Сестра Мэри ожидала, что американский атташе по культурным связям будет похож на адвоката из «Династии» или «Санта-Барбары», а мистер Янг вообще не походил на американцев, как их показывают по телевизору. Ну, разве что на добродушного шерифа из хорошего детективного сериала.[19] Вид у него был не слишком впечатляющий, да и джемпер оставлял желать лучшего.

Она постаралась скрыть разочарование.

– А-а, да-да-да, – сказала она. – Поздравляю.

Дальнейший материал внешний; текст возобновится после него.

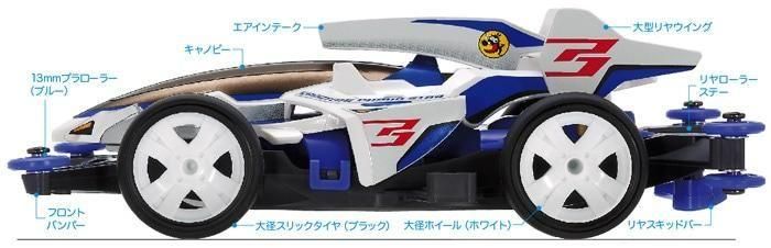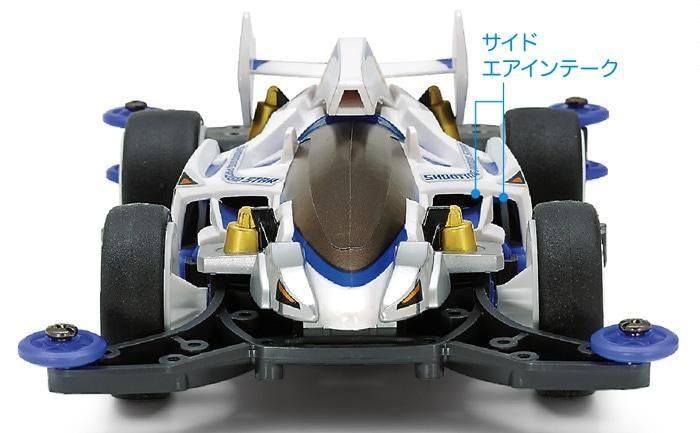 【 名車のDNAを引き継いだ新星マシン 】 ダブルシャフトモーターを搭載した高性能レーサーのプラスチックモデル組み立てキットです。シューティングプラウドスターは、小学館の「コロコロアニキ」に連載中の漫画「ハイパーダッシュ!四駆郎」に登場する南進駆郎の愛車。この漫画の作者であり、このマシンをデザインした武井宏之先生は、実は中学生の頃、ミニ四駆デザインコンテストに応募した作品が入賞し、その作品が進駆郎の愛車、 初代ダッシュ3号シューティングスター となったという経歴を持っています。そのマシンのスタイルをモチーフにして生まれたシューティングプラウドスター。最大の特徴はキャノピー上部にせり出したインパクト十分のエアインテーク。また、サイドのエアインテークやロングキャノピーはいっそうシャープな仕上がり。前後4本のダンパーユニットやウイング後端のブレーキランプなど、細部までこだわった形状が魅力です。シャーシは駆動効率を追求した、ダブルシャフトモーター搭載のMA。ホワイトカラーの大径4本スポークホイールにはスリックタイヤを装着しました。
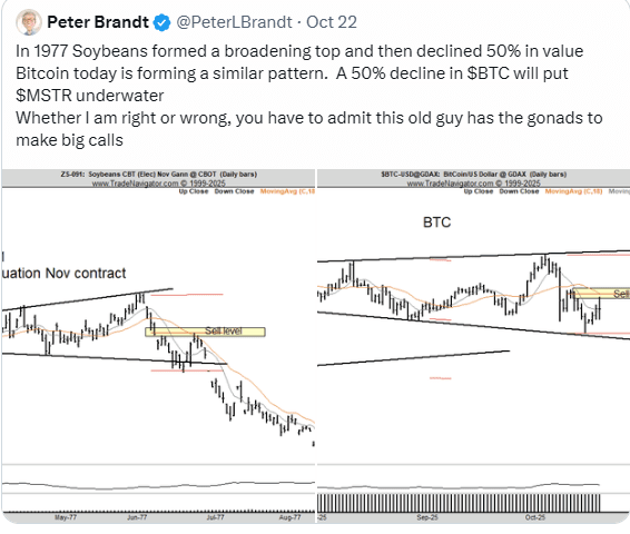 Tetapi Brandt tidak berhenti di situ. Bersamaan dengan skenario bullish-nya, ia juga menyebutkan kemungkinan penurunan — hingga $60,000 — tergantung pada bagaimana sentimen pasar berubah. Ia menggambarkannya sebagai taruhan asimetris: potensi keuntungan yang kuat jika segala sesuatunya berjalan baik, kerugian tajam jika kondisi makro memburuk. Setia pada gayanya, Brandt tidak hanya mengandalkan prediksi; ia memperdagangkan pasar saat bergerak. Ia bahkan menanggapi pos trader lain tentang pola penurunan Bitcoin, mengatakan bahwa ia siap untuk membeli atau menjual tergantung pada apa yang ditunjukkan grafik selanjutnya.
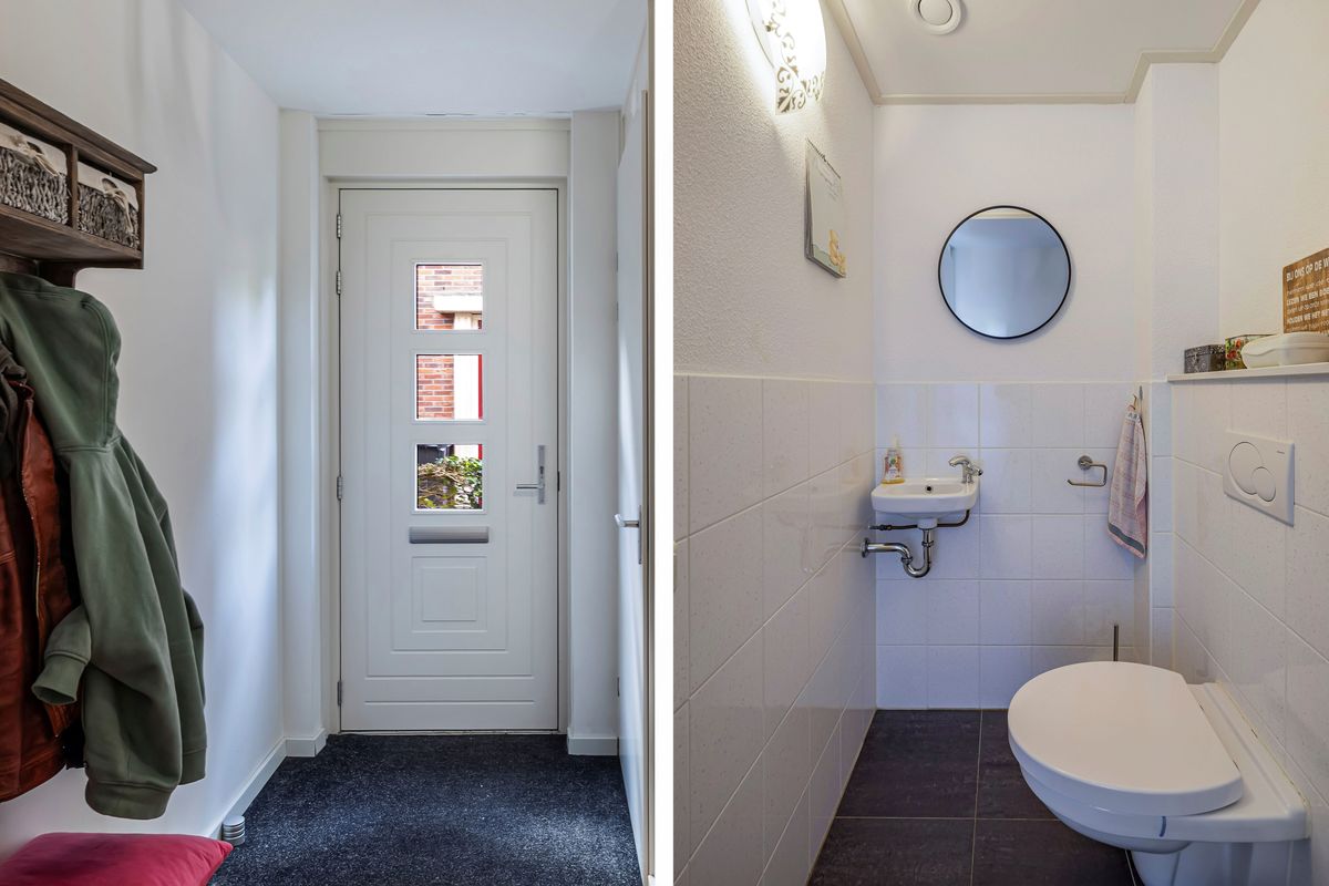Zodra je de voordeur opent, voel je het: dit is een huis waar over is nagedacht. De hal is ruim en verzorgd, met plek voor jassen, schoenen en een fijne spiegelwand die de ruimte nog groter laat lijken. De zwarte tussendeur met glas geeft alvast een voorproefje van wat je verderop te wachten staat. Links het toilet, strak wit met zwarte tegelvloer, en de trap naar boven, rechtdoor de doorgang naar de woonkamer.
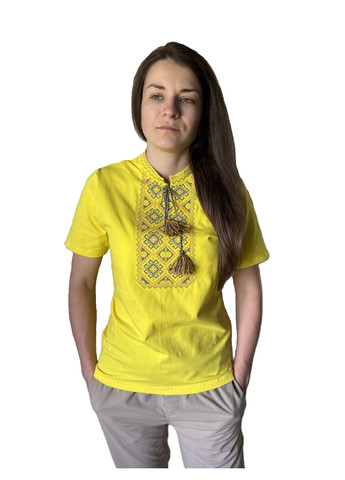 Жіноча футболка Lesia "Лісова пісня" з вишивкою червоного кольору. Барвистий орнамент доповнює традиційна українська геометрія. Яскраве і стильне вбрання для жінок, які люблять сміливі екперименти. Вишиванки пошиті з надзвичайно легкої та приємної на дотик тканини у пропорціях 95% віскоза/5% еластан. Ідеально сідають по фігурі, пропускають повітря, даючи шкірі дихати, не розтягуються і гарно перуться.
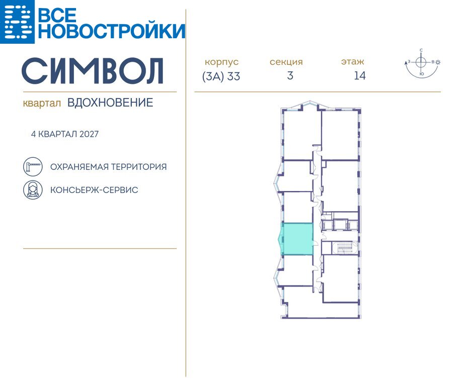 Квартира расположена в квартале Вдохновение, в корпусе 33 (секция 3). В каждом подъезде запроектировано 5 квартир на этаж, есть пассажирский и грузовой лифты.
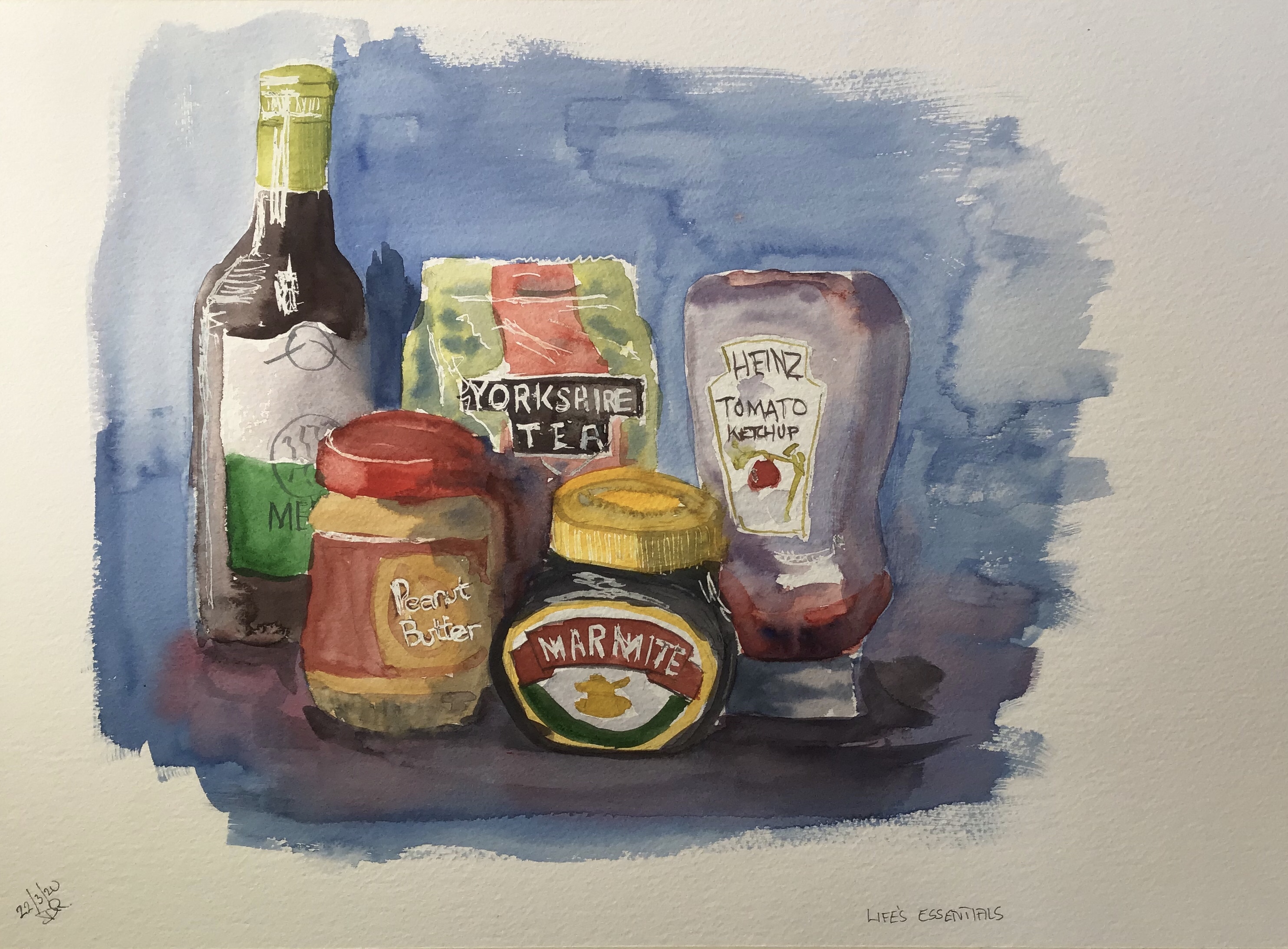 This is my effort at a challenge issued by my watercolour group Parish Art in Poole. The brief was simply to paint a still life so I decided to use some of the every day stuff that makes life bearable while we are stuck at home. I hope we can get some more when these run out.

Ваша супруга спит, бедняжечка.

Мистер Янг заглянул ей через плечо.

– Близнецы? – спросил он и полез в карман за трубкой. Потом вынул руку из кармана и снова запустил ее туда. – Двойня? Нам насчет близнецов ничего не говорили.

– Нет-нет! – поспешно воскликнула сестра Мэри. – Вот этот ваш. А другой… э-э… тут есть еще одна роженица. Мне просто велели присмотреть за ним, пока сестра Грейс не вернется. Нет, – повторила она, указывая на Врага Рода Человеческого, Разрушителя Царств, Ангела Бездны, Великого Зверя, имя коему Дракон, Князя Мира Сего, Отца Лжи, Порождение Сатаны и Владыку Тьмы. – Вот этот ваш. Точно. От макушечки до самых что ни на есть копытушек… которых у него, конечно, нету, – торопливо добавила она.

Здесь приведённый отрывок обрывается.